December 14, 2008

Oil Betrays Chavez

By: Mario Magana Duarte

Late last month, Venezuelan President Hugo Chavez took a beating at the ballot box, where his party lost gubernatorial races in five states and the mayorship of the capital city, Caracas. These states account for 45% of Venezuela’s population and 70% of its economic activity, making the opposition victory pivotal. Buoyed by historically high revenues at the state oil company, Chavez has spent the last few years exporting his “Socialism of the 21st Century” to Bolivia, Ecuador and Nicaragua, among others, but with oil prices now at a four-year low, his leadership is in a precarious position.

Chavez’s poor management of Venezuela’s oil revenues have led to skyrocketing public spending. A study by Deutsche Bank estimated that in order for Venezuela to finance its 2009 budget, it will need an oil price of at least $97. On Wednesday, December 10th, the price of oil closed at $43.52, putting Chavez in a very uneasy spot.

The discontent of the Venezuelan people is growing. Under Chavez’s administration, poverty levels have increased from 43 to 54 percent, and the poor have seen Chavez squandering the profits they were promised elsewhere. Since 2005, Chavez has spent $5.9 billion buying weapons to modernize the army, and he recently acquired a $1 billion loan from Russia to purchase even more armaments.

The other big drain on public spending is Chavez’s cooperative ventures abroad. Venezuela has two main aid projects through which it channels funds to its allies: the Petrocaribe, which allows countries in Central America and the Caribbean to purchase oil at preferential prices, and the ALBA (Bolivarian Alternative to the Americas) which aims to correct the disparities that place underdeveloped countries at a disadvantage when competing against developed nations. Since 2005, ALBA alone has cost the Venezuelans over $32 billion — roughly 23.1% of the country’s tax revenues.

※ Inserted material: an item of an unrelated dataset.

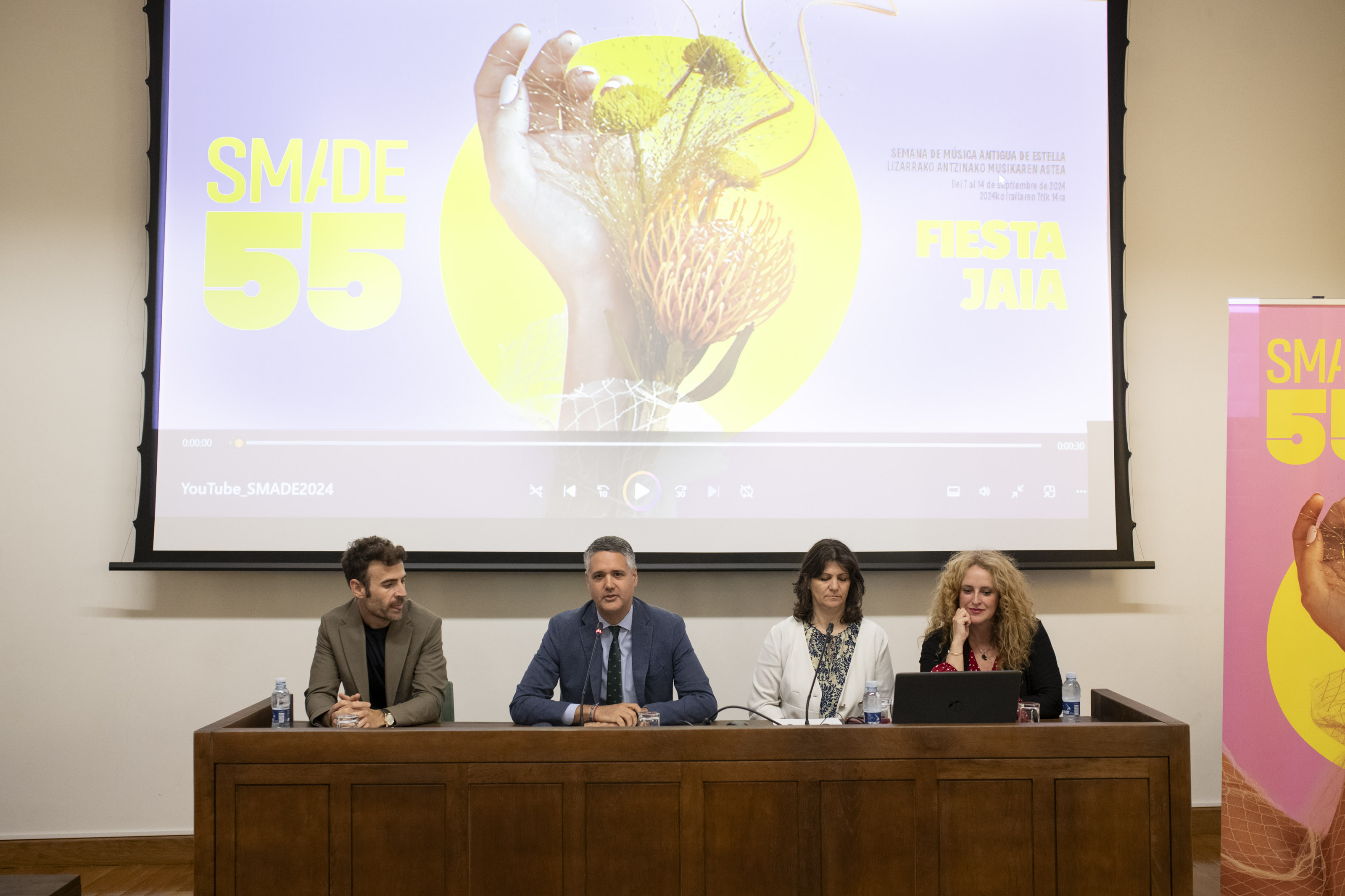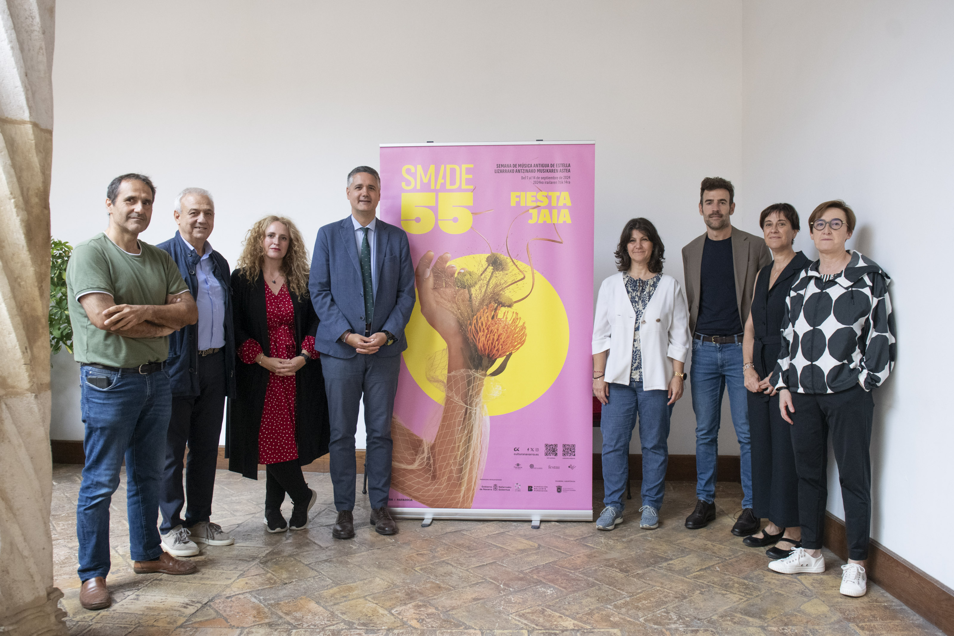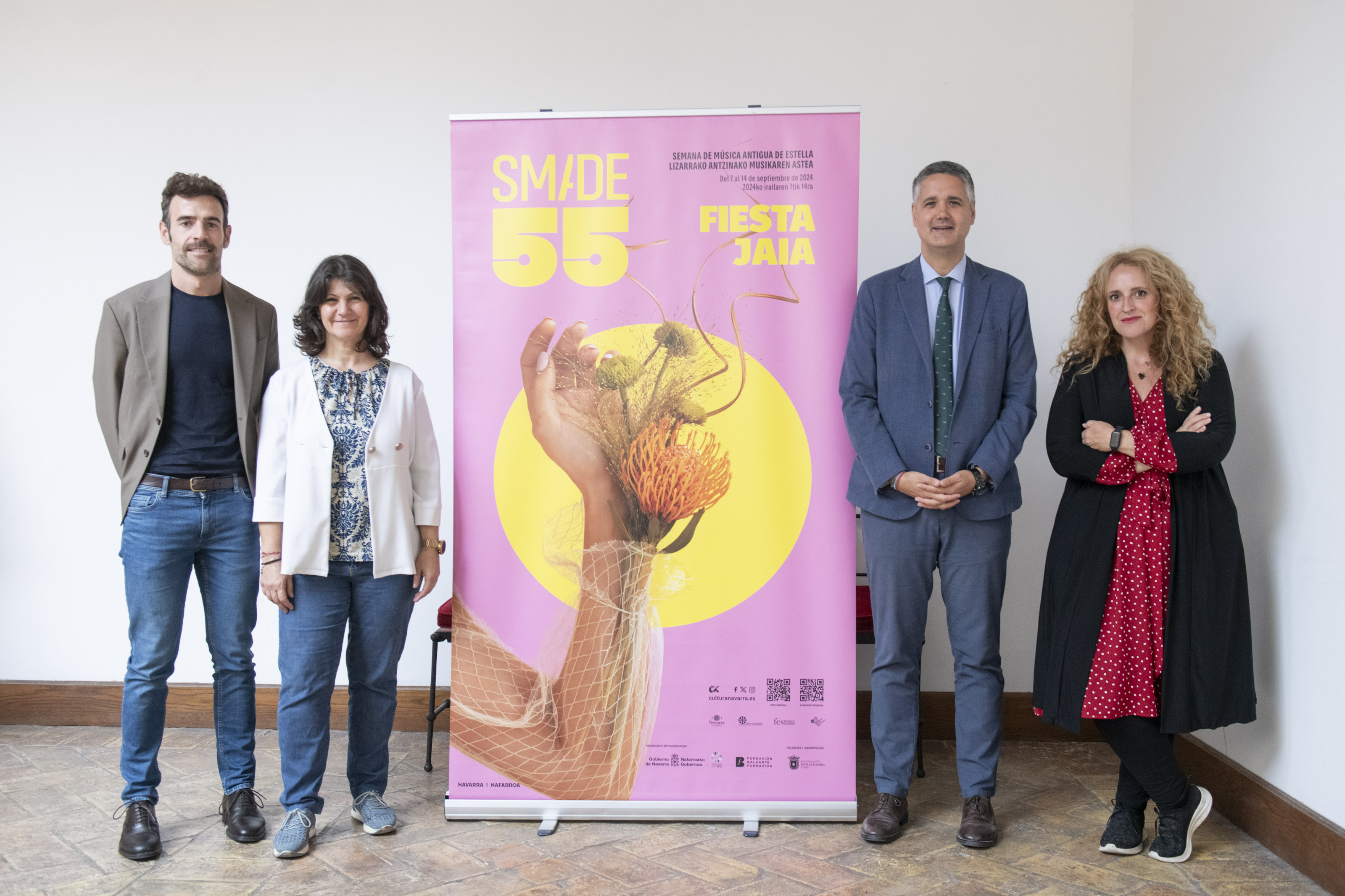 La Semana de Música Antigua de Estella (SMADE) conmemora sus 55 años de andadura con música, baile y poesía en una nueva edición que, bajo el título ‘Fiesta / Jaia’, se celebrará entre los días 7 y 14 de septiembre y que se ha presentado esta mañana en la Casa de Cultura Fray Diego de Estella-Lizarra. En el acto han intervenido el Director General de Cultura de la Comunidad Foral de Navarra, Ignacio Apezteguía; el director gerente de Fundación Baluarte, Rubén Jauquicoa; la concejala del Ayuntamiento de Estella-Lizarra, Ana Duarte, y la directora artística del festival, Raquel Andueza.

The new financial constraints will force Chavez to cut either domestic spending or foreign aid. Alberto Quiroz, the former head of Shell’s Venezuelan operations, told AFP in mid-October that the only action Chavez has proposed to address the current crisis is cuts in domestic spending — leaving foreign aid as bloated as ever.

This will put the many Venezuelans who still haven’t benefited from the “Socialism of the 21st Century” under even greater strain, and create more resentment towards a government that spends money abroad when it is badly needed at home.

If Chavez cuts the cooperation he provides to his allies, his influence in the region will diminish significantly. Without money, Chavez is just another politician spouting anti-American rhetoric. Moreover, he is swimming upstream, trying to convince leaders to follow a development agenda which time and again has proven unworkable. There’s a reason China only became a rising power when it abandoned socialist planning and began liberalizing its economy.

Furthermore, Chavez rules in an era where mass communications and technology inform citizens around the world about what really goes on inside corrupt regimes. When President Ortega’s party committed electoral fraud in Nicaragua in November, people found out about it, as they did when Chavez expelled Human Rights Watch from Venezuela, and illegally financed Cristina Kirchner, a friendly candidate running for the Argentinean presidency.

Though many presidents now preach Chavez’s “Socialism of the 21st Century” — which is as repressive and unsuccessful in creating prosperity as the socialism of the 20th — it  would be a lot fewer if he could no longer shovel billions of dollars in aid to their governments. If Chavez actually did cut his foreign aid spending, the world would see just how unappealing he is.

For now, Chavez faces two choices: either he can cut his domestic budget and lose power domestically, or he can cut his foreign aid expenditures and lose influence abroad. Either way, he will no longer be the lion he was.

-Mario Magaña Duarte is a writer from El Salvador.